Material provided Start Marker

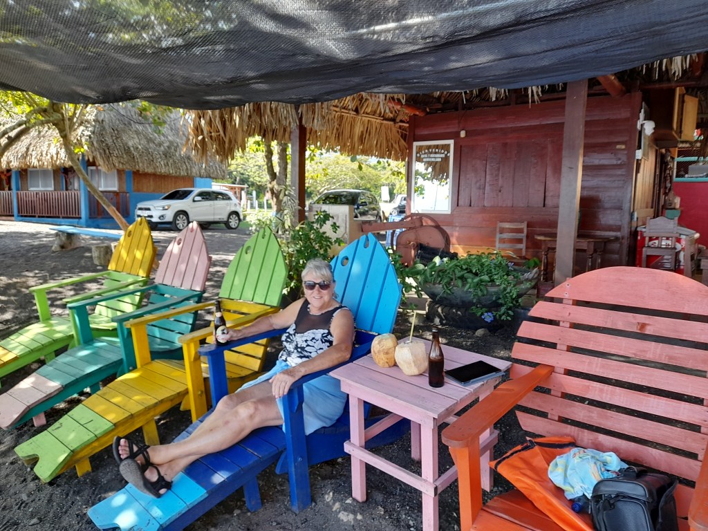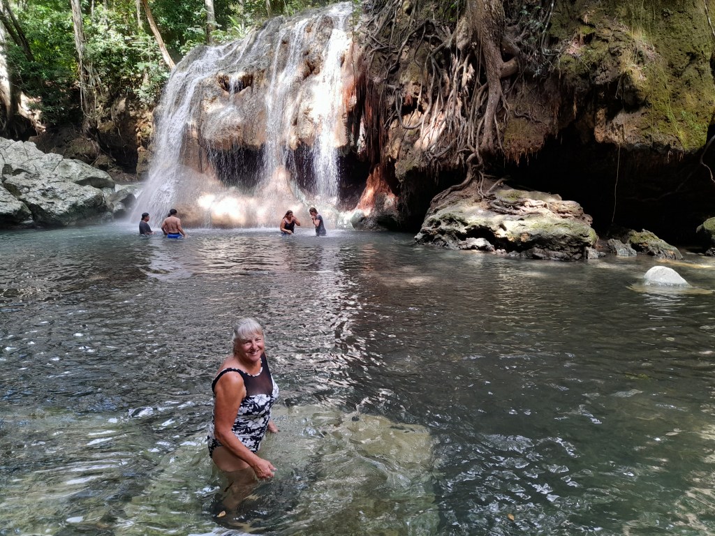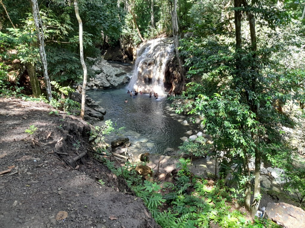 In the morning we took the dink ashore to land on a dock at a small, rustic hotel where we were greeted warmly by the owners. After a brief talk and a negotiation, their son agreed to drive us the two miles or so into the jungle to the “The Cascadas at Finca El Paraíso” and national park a waterfall comprised of a hot spring.
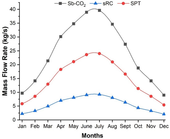 Monthly variation in mass flow rates for the Sb-CO2, sRC, and SPT.
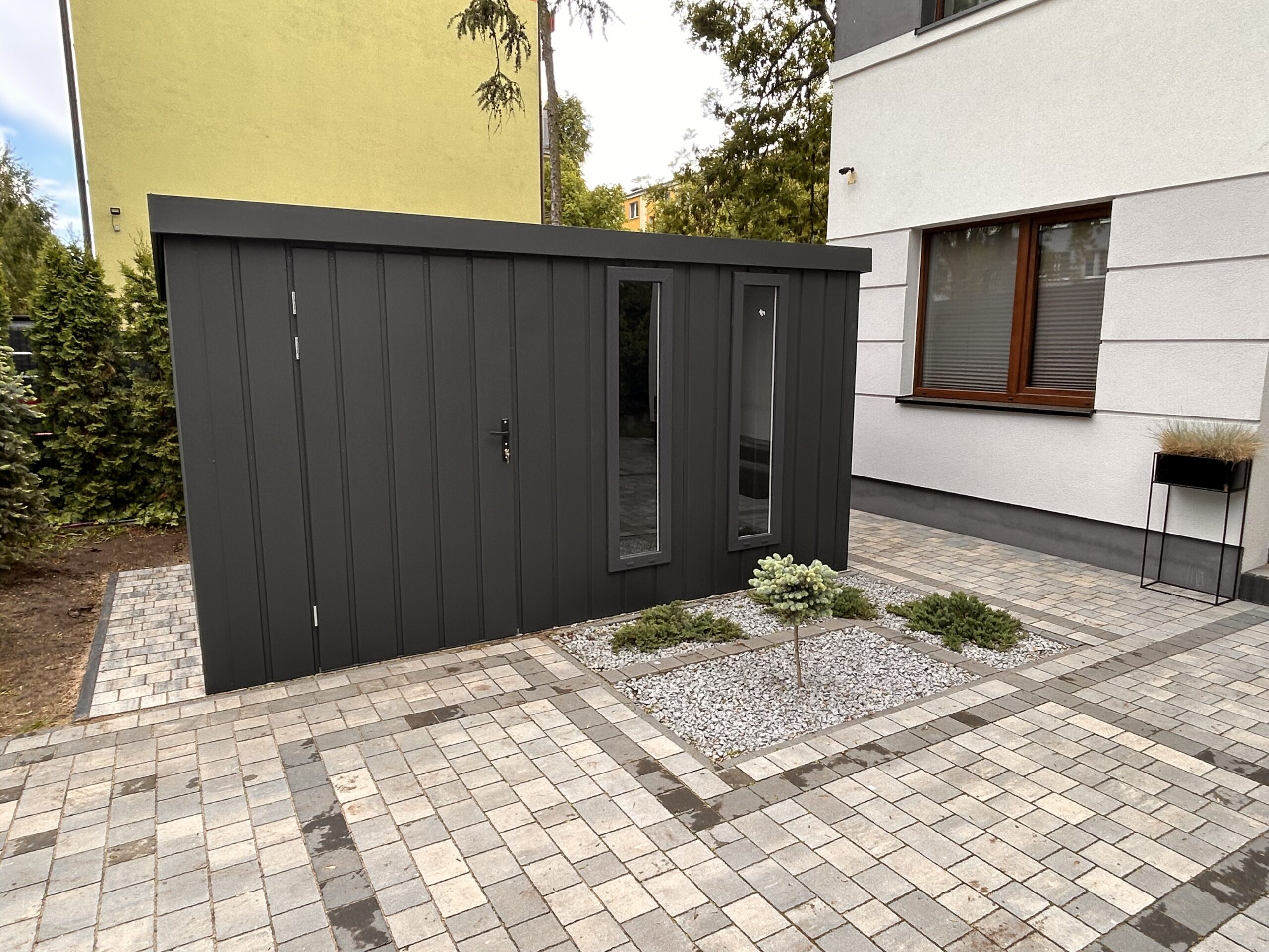 Dach jednospadowy do tyłu, blacha trapezowa z filcem antyskropleniowym, kolor grafit mat 7016
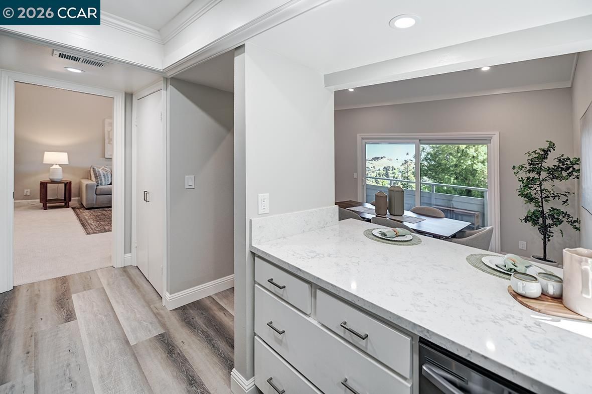 Welcome to the very rare Diablo model, with soaring vaulted ceilings and lovely new upgrades throughout. This upper floor, end unit has a large wraparound deck boasting serene private views of rolling hills. Half covered and half open, it's perfect for outdoor entertaining. Inside, you'll appreciate the polished upgrades including stainless appliances, quartz counters, recessed LED lighting, luxury plank flooring and designer carpet that combine for a "perfect house on a hill" feel. New windows, new HVAC system, new electrical service, new lighting, two spacious baths remodeled in quartz slabs, new side by side laundry with storage, it's quite a list! This is a really special opportunity to own a gorgeously remodeled condo, with the closest carport available, for the price of a co-op!

Material provided End Marker

Task requirements.
Copy out each line of the data exactly as it reads; skip the pictures.

Response to the task.
 In the morning we took the dink ashore to land on a dock at a small, rustic hotel where we were greeted warmly by the owners. After a brief talk and a negotiation, their son agreed to drive us the two miles or so into the jungle to the “The Cascadas at Finca El Paraíso” and national park a waterfall comprised of a hot spring.
 Monthly variation in mass flow rates for the Sb-CO2, sRC, and SPT.
 Dach jednospadowy do tyłu, blacha trapezowa z filcem antyskropleniowym, kolor grafit mat 7016
 Welcome to the very rare Diablo model, with soaring vaulted ceilings and lovely new upgrades throughout. This upper floor, end unit has a large wraparound deck boasting serene private views of rolling hills. Half covered and half open, it's perfect for outdoor entertaining. Inside, you'll appreciate the polished upgrades including stainless appliances, quartz counters, recessed LED lighting, luxury plank flooring and designer carpet that combine for a "perfect house on a hill" feel. New windows, new HVAC system, new electrical service, new lighting, two spacious baths remodeled in quartz slabs, new side by side laundry with storage, it's quite a list! This is a really special opportunity to own a gorgeously remodeled condo, with the closest carport available, for the price of a co-op!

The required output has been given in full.